Serving Clovis, Portales and the Surrounding Communities
SANTA FE — In a unanimous verdict issued Monday, the New Mexico Supreme Court affirmed the power of the governor’s office and Department of Health to restrict or close businesses through a public health order, rather than imposing such restrictions through a rulemaking process.
The decision upheld the state’s decision to ban indoor dining in July due to the increasing spread of COVID-19. The decision was challenged by a group of New Mexico businesses, and a temporary restraining order was issued July 21 by District Court Judge Raymond L. Romero. Later that evening, the governor’s office was granted a stay by the high court.
Outside of their connections to the New Mexico Restaurant Association, local eateries did not take part in the civil suit originally filed in Eddy County.
In its decision, the court concluded the DOH was not required to follow rulemaking procedures, which can be lengthy and reqiure public comment, for emergency orders. It also rejected arguments to declare an end date to emergency orders so the Legislature could address the COVID-19 pandemic.
“New Mexico has not entered a ‘new normal,’ nor do the temporary emergency orders constitute ‘long-term policy’ decisions,” read the opinion written by former Justice Judith Nakamura. “The argument that special sessions of the Legislature should be used in lieu of Petitioners’ emergency orders is so facially unworkable that it only reinforces the conclusion that it was appropriate for the Legislature to grant the executive branch ample authority to immediately and flexibly respond to a public health emergency.”
Chief Justice Michael E. Vigil did not participate in the case.

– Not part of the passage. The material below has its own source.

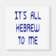 Texto lendo "É TUDO HEBREW PARA MIM" em uma falsa fonte hebraica. Uma paródia do ditado "É tudo grego para mim" usada quando algo é incompreensível.

Justice David K. Thomson wrote a concurring opinion warning the “broad and vague statutes” that grant emergency powers to the governor’s office, along with deference given to the office in emergencies, may provide long-term consequences to checks and balances.
He warned the executive office still have an obligation to show something is an emergency and that the means to address it are reasonable.”
“The majority’s holding should not communicate that executive or legislative responses to the pandemic will always receive the same level of judicial deference as when the crisis first emerged,” Thomson wrote. “I believe we must be wary of the precedent we set beyond the scope of the COVID-19 crisis.”